To be inspired is a totally different thing, and the source and type of the inspiration may have very little to do with the outcome in you. Something clicks, and the brain sparks, and a change is made. It is somewhat embarrassing and odd for me to admit some of these in myself. One summer, I watched along with about a billion other folks a teenage Olympic gymnast struggle to complete her routine, injured badly. She powered through the pain, over and over again, to win the gold medal for her team. It was one of those modern iconic moments that I am usually immune to. Something about what she did resonated in me, made me rethink something I had feared doing, put off for nearly 20 years, made me think that I too could power through the pain and just do what I could do. No, I did not take up gymnastics, you putz. But I did something good and important, helped myself and my family. She made me better, and will never know it.
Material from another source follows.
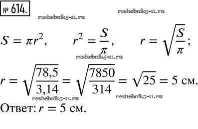 Готовая домашняя работа с ответами по Математике за 6 класс Муравин, Муравина Учебник Вертикаль Дрофа 2016 ФГОС - §20. Длина окружности и площадь круга 614

Other inspirations have been more direct. I started running this summer partially because of someone I know who is a bit of a gym rat. The competitive little shit in me thought well, ok, I can do that too, I can get stronger if that fool can. When I nearly had to stop because of chronic shin splints, the fool helped me out with some good advice, I got better, and that kindness helped me keep going. I like running now, and my life again is made much better.

For better or worse, I was inspired to write this crap blog because of the people who liked me, liked how I wrote, thought it was a worthwhile thing to do. I make a commitment to keep hauling things out of me, putting things out there, and see what happens. I am one of the least spiritual people on the planet; the most profound idea of divinity I believe in is that we never know how we inspire other people, and how they in turn inspire others. We are on some kind of nutty grid, intersecting with people that happen to come across our timeline. Some times there is a crash, sometimes the lines run parallel then diverge again, sometimes the lines are linked together, a connection forged for the life of the line. If you keep open to this idea, willing to see the unique and good that comes your way sometimes in the most random ways, you can be open to what you can achieve. It is always more than you think you can possibly do today.

I am inspired by the need to go to the bathroom to stop babbling now. Go on wit yo bad seffs, everyone.